Benjamin Wittes issues a persuasive call for greater coherence, clarity, and public candor from the American government regarding its detention policy and practices, and greater citizen awareness of the same. In Detention and Denial, he illustrates how U.S. detention policy is a tangle of obfuscation rather than a serious set of moral and legal decisions. Far from sharpening focus and defining clear parameters for action, it sends mixed signals, muddies the legal and military waters, and produces perverse incentives. Its random operation makes a mockery of the human rights concerns that prompted the limited amount of legal scrutiny that detention has received to date. The government may actually be painting itself into a corner, leaving itself unable to explain or justify actions it may need to take in the future. The situation is unsustainable and must be addressed.

Preventive detention is a touchy subject, an easy target for eager-to-please candidates and indignant media, so public officials remain largely mum on the issue. Many Americans would be surprised to learn that no broad principle in American jurisprudence actually prohibits preventive detention; rather, the law "eschews it except when legislatures and courts deem it necessary to prevent grave public harm." But the habeas corpus legal cases that have come out of the Guantánamo Bay detentionfacility—which remains open, despite popular expectations to the contrary—have addressed only a small slice of the overall issue and have not—and will not—produce a coherent body of policy.

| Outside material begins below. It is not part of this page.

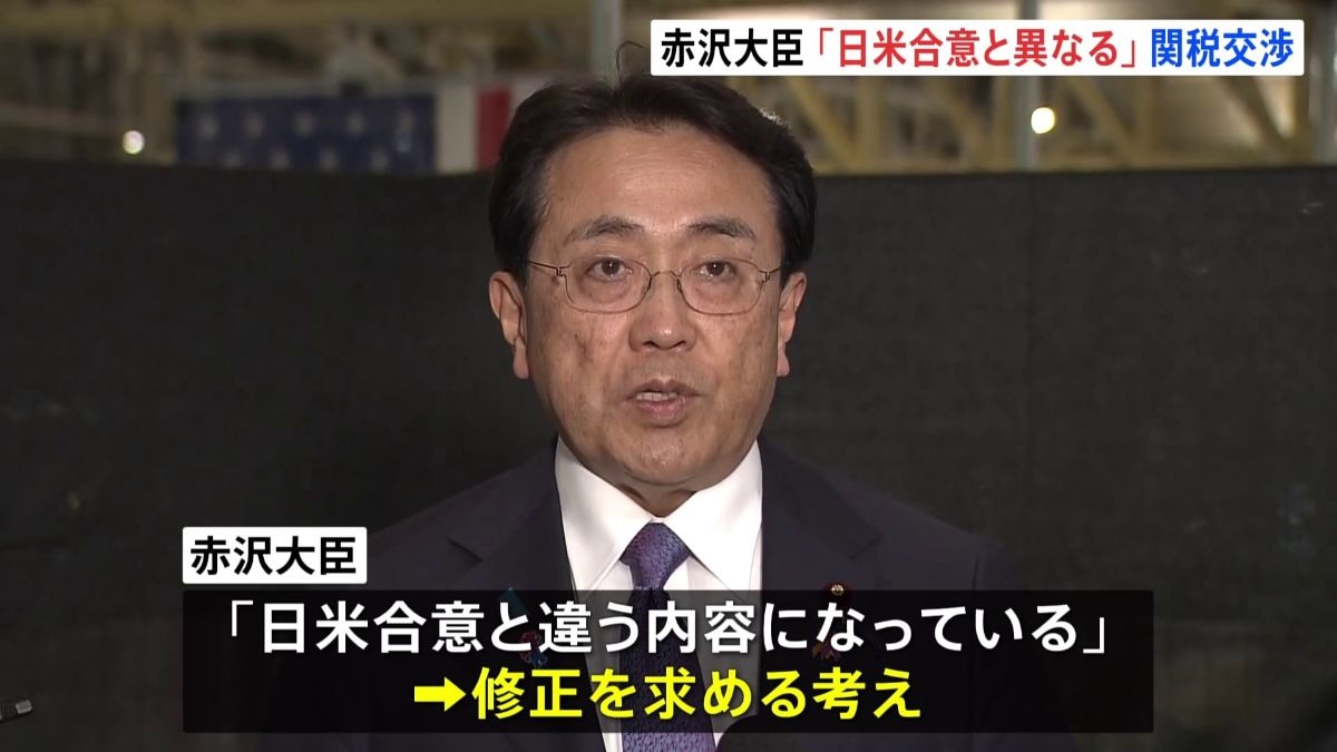 アメリカ政府は5日、公表した連邦官報に掲載予定の文書で日本からのすべての輸入品に対して15%の相互関税を既存の関税に上乗せして課すと記載しましたが、赤沢大臣は「日米合意と違う内容になっている」と指摘し、修正を求める考えを示しました。
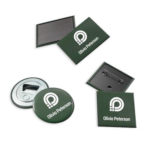 Gepersonaliseerde buttons en magneten met naamdruk – persoonlijke promotionele geschenken die waardering tonen Nieuw

U.S. government and security forces need clear and consistent application of their detention policies, and Americans must be better informed about them. To that end, Wittes critiques America's current muddled detention policies and sets forth a detention policy based on candor. It would set clear rules and distinguish several types of detention, based on characteristics of the detainees themselves rather than where they were captured. Congress would follow steps to "devise a coherent policy to regulate the U.S. system of detention, a system that the country cannot avoid developing."